Roughly my code structure is like

//Initial Data Load ...
import sparkSession.implicits._
var tableData = sparkSession.read.jdbc(<JDBC_URL>, <TABLE NAME>, connectionProperties).select("email").where(<CUSTOM CONDITION>)

//Data Frame with Records with grouping on email count greater than one
var recordsGroupedBy =tableData.groupBy("email").count().withColumnRenamed("count", "recordcount").filter("recordcount > 1 ").toDF()

//Now comes the processing after grouping against email using processDataAgainstEmail() method 

recordsGroupedBy.collect().foreach(x=>processDataAgainstEmail(x.getAs("email"),sparkSession))

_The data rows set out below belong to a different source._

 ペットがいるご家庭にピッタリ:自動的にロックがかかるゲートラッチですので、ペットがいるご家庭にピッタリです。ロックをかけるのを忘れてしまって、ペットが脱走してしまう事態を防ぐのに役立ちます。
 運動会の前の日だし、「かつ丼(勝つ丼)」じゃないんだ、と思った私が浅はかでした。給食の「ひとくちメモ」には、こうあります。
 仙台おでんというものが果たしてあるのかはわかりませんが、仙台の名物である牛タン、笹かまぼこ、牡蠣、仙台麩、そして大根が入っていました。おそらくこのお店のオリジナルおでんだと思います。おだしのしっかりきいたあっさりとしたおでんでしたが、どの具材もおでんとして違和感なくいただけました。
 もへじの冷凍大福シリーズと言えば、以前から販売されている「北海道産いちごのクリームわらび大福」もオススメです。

Here I see foreach is not parallelly executed. I need to invoke the method processDataAgainstEmail(,) in parallel. But if I try to parallelize by doing

Hi I can get a list by invoking

val emailList =dataFrameWithGroupedByMultipleRecords.select("email").rdd.map(r => r(0).asInstanceOf[String]).collect().toList

var rdd = sc.parallelize(emailList )

rdd.foreach(x => processDataAgainstEmail(x.getAs("email"),sparkSession))

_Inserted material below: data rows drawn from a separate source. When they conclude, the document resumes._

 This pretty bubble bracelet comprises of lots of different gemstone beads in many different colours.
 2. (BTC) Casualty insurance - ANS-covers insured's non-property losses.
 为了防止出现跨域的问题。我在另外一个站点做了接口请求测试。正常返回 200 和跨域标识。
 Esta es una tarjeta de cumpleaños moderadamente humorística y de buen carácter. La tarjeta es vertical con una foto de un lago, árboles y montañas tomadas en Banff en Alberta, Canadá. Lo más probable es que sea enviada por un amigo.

This is not supported as I can not pass sparkSession when using parallelize.

Can anybody help me with this as in processDataAgainstEmail(,) multiple operations would be performed related to database insert and update and also spark dataframe and spark SQL operations needs to be performed?

To summerize I need to invoke parallelly processDataAgainstEmail(,) with sparksession

In case it is not all possible to pass spark sessions, the method won't be able to perform anything on the database. I am not sure what would be the alternate way as parallelism on email is a must for my scenario.

Lamanus
  • 12,898
  • 4
  • 21
  • 47
Soumen
  • 121
  • 1
  • 3
  • 14
  • You probably need `foreachPartition` check this [post](https://stackoverflow.com/questions/30484701/apache-spark-foreach-vs-foreachpartitions-when-to-use-what). Within foreachPartition you can call `processDataAgainstEmail` and save data to database although you can't use SparkSession. SparkSession is only available on driver's code therefore you need to organise your code in a different way. – abiratsis Feb 23 '20 at 23:38

1 Answers1

0

The forEach is the method the list that operates on each element of the list sequentially, so you are acting on it one at a time, and passing that to processDataAgainstEmail method.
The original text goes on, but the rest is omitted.